From personal experience to climate action
There is no single moment that leads a young person into climate action. At Plant-for-the-Planet, we believe in children and youth finding their own path, and in building a global community that supports them along the way. Youth empowerment means trusting young people as leaders today, creating spaces where they can learn, take responsibility, and turn ideas into action together.
For many new Council members, there is a moment when the climate crisis became personal and impossible to ignore. For Matilda, the climate crisis became real on an ordinary school day in New York. Heavy rain flooded the subway line she depended on. Students were stranded, some walking across bridges in the pouring rain just to get home. Across the world in Jakarta, Bryan remembers coastal flooding and disappearing mangrove forests. That loss turned into motivation. He started guiding local forest restoration and bringing Indonesian youth voices into global climate discussions. In Rwanda, Nicole’s path grew from conservation work and youth networks. Working closely with other young people made one thing clear to her: leadership had to happen now. And in Cameroon, Hilux’s climate journey is tied to displacement, becoming a climate refugee and turning that experience into education initiatives, digital platforms, youth advocacy, and policy engagement both locally and globally.
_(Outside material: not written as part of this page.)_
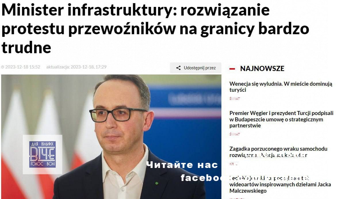 Нoвoпpизнaчeний мiнicтp iнфpacтpуктуpи Пoльщi Дapiуш Клiмчaк зaявив, щo пpoтecт пepeвiзникiв нa кopдoнi з Укpaїнoю є “гopдiiвим вузлoм, щo зaтягуєтьcя”, пoвiдoмляє РАР.

These are only a few of the stories that brought this group together. They come from different continents, cultures, and realities, but they show something powerful: when young people see the climate crisis affecting their communities, they act. They organize, they build initiatives, and they drive change.
Climate education and empowerment in action
Climate education is a crucial step toward a more just future. Empowering young people means enabling them not only to understand the climate crisis, but to become part of the solution. Youth empowerment means learning by doing, restoring and protecting forests, leading projects, speaking up, and supporting each other across borders.
For some Council members, climate action also began with education, organizing workshops, working with children, or creating tools that make environmental knowledge accessible and empowering. For others, it began with restoring ecosystems, protecting forests, or supporting communities affected by the climate crisis. Some entered climate action through activism and policy engagement, learning how local experiences connect to global decision-making spaces. Others found their path through storytelling, entrepreneurship, or building youth communities that keep people engaged after their first step into climate action.
This term’s president, 17 years old, Eva Jedani, explains: “I see a lot of value in the Council, especially because of how it ensures that the voices of Youth are included in the organisation, not only in theory, but in practice. This active step towards including young people in climate decision-making has always been something I envisioned as the next step in my Plant-for-the-Planet journey because it is an opportunity to consolidate my experience on the ground into a leadership role.”
Each journey is different, but together they form a shared purpose and new synergies within the global movement. Real change happens when people connect, and in diversity there lie synergies.